巷では、よくスローガンのように聞く「地域をまもろう」とか「仲間をまもろう」という言説がありますが、これは過度に行き過ぎると、他のコミュニティーや、世の中の不特定の人を敵方に仕立てて、相手と敵対するということを意味するようにもなります。

最悪の場合、言葉の暴力や身体的な暴力によって、他のコミュニティーを制圧したり、不特定の人を、自分(達)のいいなりにする(=コントロールする)等の事態となりえます。

大変皮肉な話ですが、これは、物事の原理・原則に従えば、実に自明なことなのです。

自分にとって”大切なものを守ろう”と必死になるあまり、他を省みず、世の中の多くの人々を犠牲にしている、他者を踏みつけにしている、ということも充分にありえます。

つまりは、”守る”こととは”攻める”ことであり、”攻める”こととは”守る”ことである、という絶妙なバランス感覚が必要、あるいは、大切になるということが言えるでしょう。

もしも、これを読んでいる方々が、容赦なく否応なく他者と敵対してしまった時や場合には、敵対している当の相手に対して、こちらが適度な対応をするようにしましょう。
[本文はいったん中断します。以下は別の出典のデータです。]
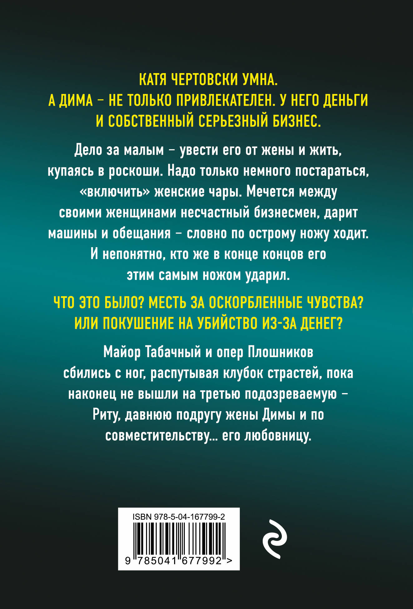 Катя чертовски умна. А Дима - не только привлекателен. У него деньги и собственный серьезный бизнес. Дело за малым - увести его от жены и жить, купаясь в роскоши. Надо только немного постараться, «включить» женские чары. Мечется между своими женщинами несчастный бизнесмен, дарит машины и обещания - словно по острому ножу ходит. И непонятно, кто же, в конце концов, его этим самым ножом ударил. Что это было? Месть за оскорбленные чувства? Или покушение на убийство из-за денег? Майор Табачный и опер Плошников сбились с ног, распутывая клубок страстей, пока, наконец, не вышли на третью подозреваемую - Риту, давнюю подругу жены Димы и по совместительству… его любовницу.
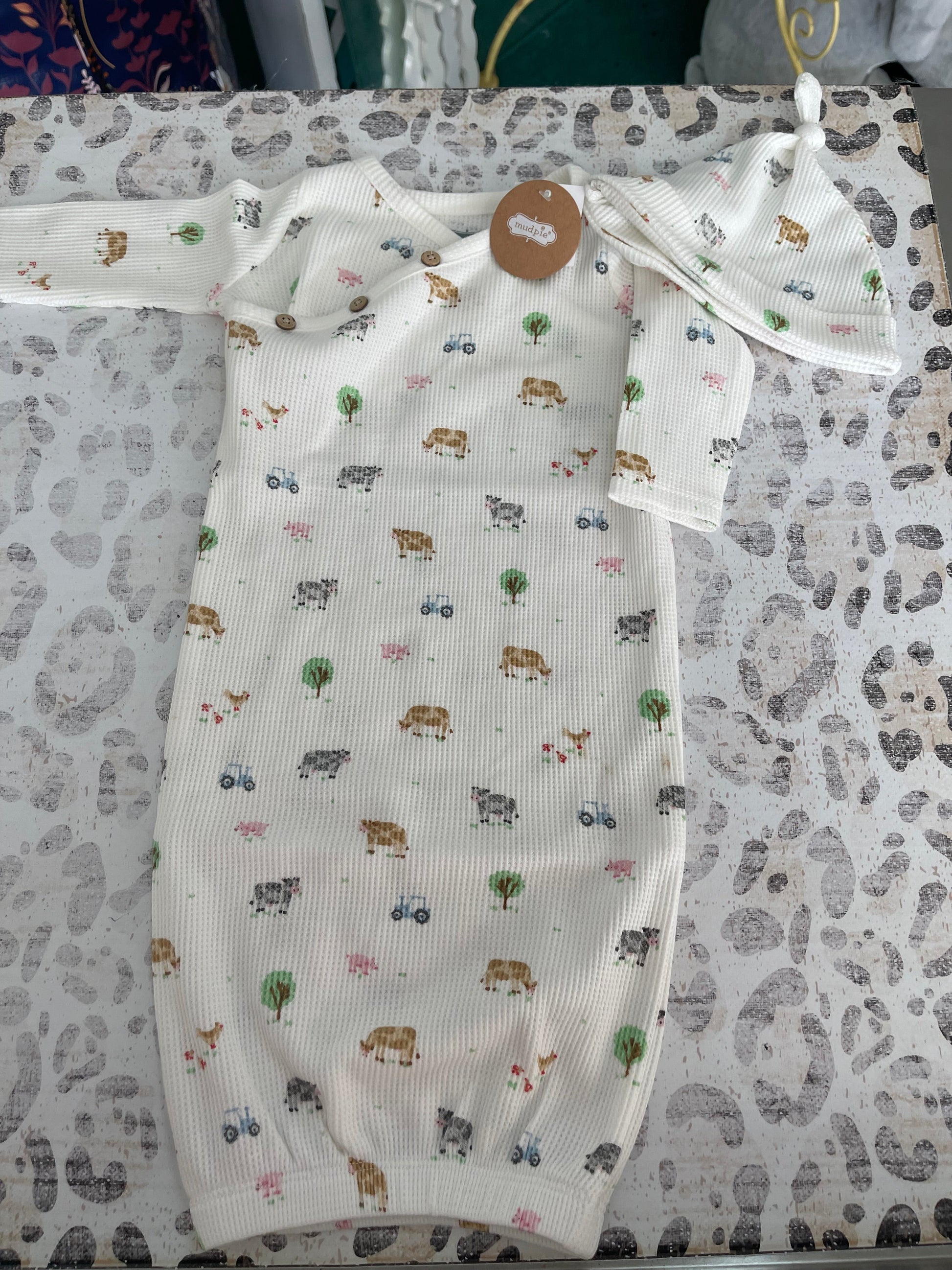 Mudpie Ditsy Farm Print Take-me-home gown and hat

それは、'攻守一体(攻防一体)'の考えや構えであり、それが結果として、相手への適度な'牽制'となり、相手との間には、適度な距離感や緊張感を生み出すことができます。

これにより、相手から一方的に攻められたり、非難を浴びるという事態を避けられます。また同時に、自分自身が同じことを相手に対して行うという事態も避けられます。

※ちなみに、敵対している相手が守りに入っている時や場合に、こちら(=自分自身)が、相手の陣地に攻め込むことは、こちらが、攻めることに'積極的'に取り組むこと(=守ることに消極的に取り組む)こととなり、決定的な一打・出来事ととなるでしょう。

※この逆に、相手が攻めに入っている時や場合に、相手の陣地に攻め込む(=「負けじ」と応戦する)ことは、こちらが、守ることに積極的に取り組むこと(=攻めることに消極的に取り組むこと)となり、これもやはり、決定的な一打・出来事ととなるでしょう。

※お互いに相手の出方をうかがっている、腹の内を探り合っている(=決定的な展開のない)時や場合は、”お互いに牽制し合っている”、ということになるでしょう・・・(笑)。